Written by Asaf Ashkenazi
Industry estimates suggest the global cyber insurance business could reach approximately $20 billion by 2020. Currently, most cyber insurance policies cover damages related to data leaks, such as the inadvertent publication of SSNs, bank account or credit card numbers and patient medical history. Other cyber insurance policies offer compensation for ransomware payments.
The industry is also preparing itself for actual physical damage caused by cyber criminals. This is because Internet of Things (IoT) devices connect the physical world with the digital realm. Hijacked IoT devices and systems can potentially cause significant damage and are a huge liability if they remain unprotected. For example, in 2015, cyber criminals targeted a steel mill in Germany, manipulating and disrupting various control systems. According to Wired, a blast furnace in the mill could not be properly shut down, resulting in “massive” (though unspecified) damage.

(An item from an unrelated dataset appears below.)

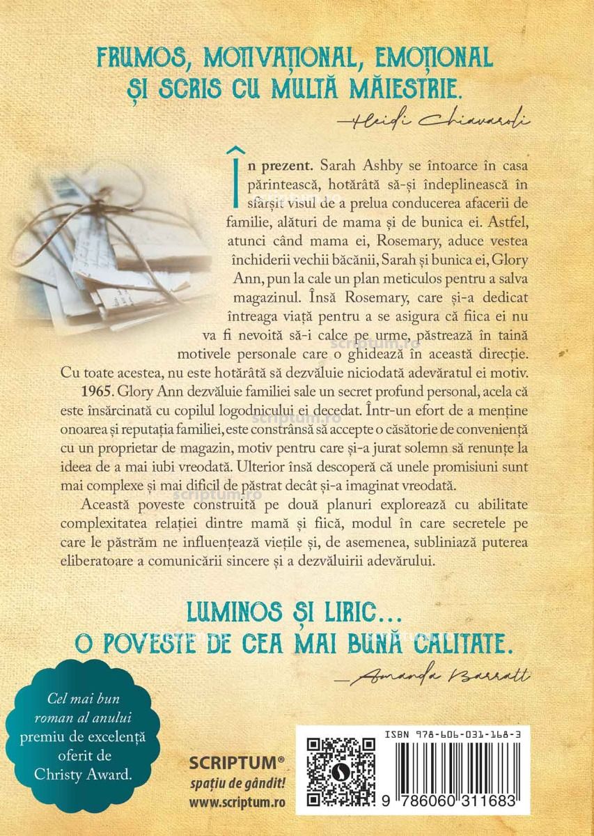 In prezent. Sarah Ashby se intoarce in casa parinteasca, hotarata sa-si indeplineasca in sfarsit visul de a prelua conducerea afacerii de familie, alaturi de mama si de bunica ei. Astfel, atunci cand mama ei, Rosemary, aduce vestea inchiderii vechii bacanii, Sarah si bunica ei, Glory Ann, pun la cale un plan meticulos pentru a salva magazinul. Insa Rosemary, care si-a dedicat intreaga viata pentru a se asigura ca fiica ei nu va fi nevoita sa-i calce pe urme, pastreaza in taina motivele personale care o ghideaza in aceasta directie. Cu toate acestea, nu este hotarata sa dezvaluie niciodata adevaratul ei motiv.
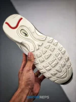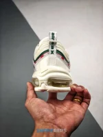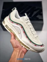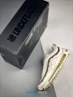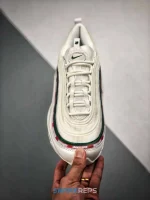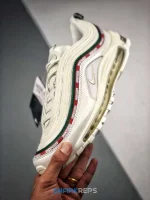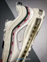 The Undefeated x Air Max 97 OG ‘Sail’ pays tribute to Italy’s special relationship with the Air Max 97. The Gucci-inspired design features a white-based upper, white patent leather mudguard, and a Gucci-inspired Gorge Green/Speed Red wavy side panel stripe. Undefeated branding runs the length of the red stripe, and the brand’s tally logo hits up the insole. Released in September 2017 alongside a ‘Black’ colorway, the sneaker celebrates the 20th anniversary of the Air Max 97 and the LA boutique’s 15th year serving West Coast sneakerheads.

Perhaps not surprisingly, Booz Allen Hamilton warns that the impact of cyber-attacks against Industrial Control Systems (ICS) could be devastating.
“Attacks can cause extended operational halts to production and physical damage and even jeopardize the safety of employees and customers,” the organization stated. “The attack surface for ICS is larger than just the ICS devices, equipment and networks: It extends to all parts of an organization, including the extended supply chain.”

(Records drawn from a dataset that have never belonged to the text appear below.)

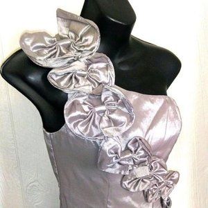 Stunning Metallic Pewter Silver Cascading Bows Detail on One Shoulder Cocktail Mini Dress
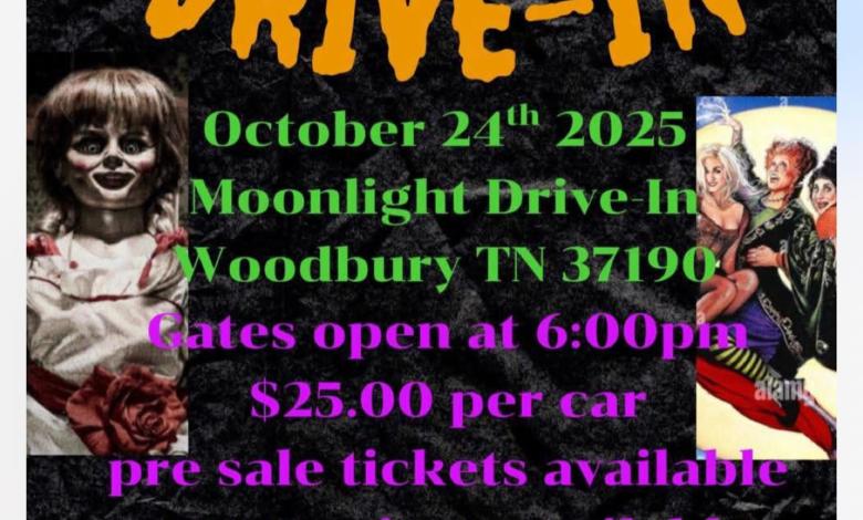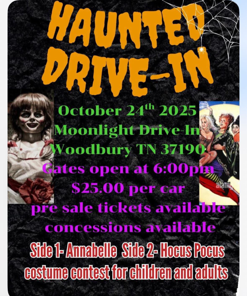 The Moonlite Drive In located in Woodbury TN is going haunted this Friday October 24th. Movies to be shown include on Screen One Annabelle and on Screen Two Hocus Pocus. A costume contest for children and adults will also be available.
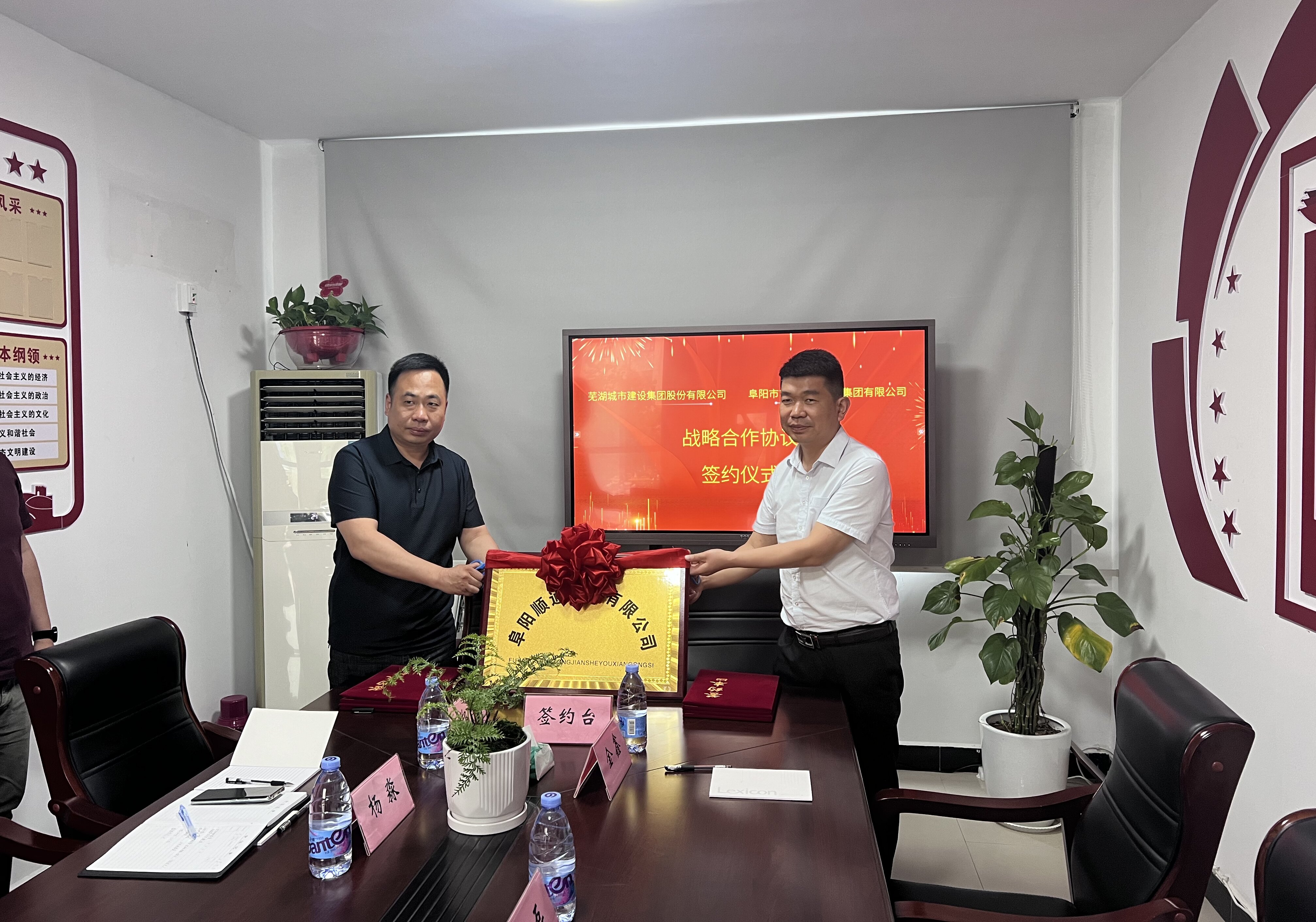2024年5月22日,蕪湖城市建設(shè)集團股份有限公司與阜陽市市政園林工程集團有限公司舉行戰(zhàn)略合作協(xié)議簽署及合資公司剪彩儀式,簽約及剪彩儀式在阜陽市政園林集團舉行。蕪湖城建集團副總經(jīng)理楊磊,阜陽市政園林集團董事長王駿共同出席并見證簽約儀式,蕪湖城建集團市場部經(jīng)理金鑫和阜陽市政園林集團副總經(jīng)理楊淼分別代表雙方進行簽約。

One basic premise of any insurance policy is the ability to precisely assess risk versus potential damage. Clearly, the risk for cyber security insurance that covers physical damage caused by a cyber attack will be negatively affected by the extent of the attack vector. This vector is also represented by the number of connected endpoints and the physical damage each IoT endpoint can potentially cause if compromised.
Increased risk, incurred by unprotected endpoints, will inevitably result in higher policies, deductibles and other limitations that makes cyber insurance all but unaffordable for many businesses. Moreover, insurance companies could potentially require proof of specific security measures taken by the policy owner to reduce the risk of attacks. In the future, insurance companies may also demand their policy holders implement a certain level of security before coverage begins.
From our perspective, reducing the IoT attack surface starts with adequately protecting both services and endpoints. It is important to note that an attacker cannot compromise an endpoint without first establishing an unauthorized communication channel. An IoT security solution should therefore only allow legitimate, verified cloud services to ‘talk’ with each device by detecting and thwarting unauthorized communication attempts. In addition, IoT devices should be uniquely and cryptographically verified to determine if they are authorized to connect, thereby reducing the attack surface of the service by preventing remote attacker access directly or through malicious or compromised endpoints.
In conclusion, the industry must prepare for a new era in which IoT security solutions adequately protected the physical world from the digital realm.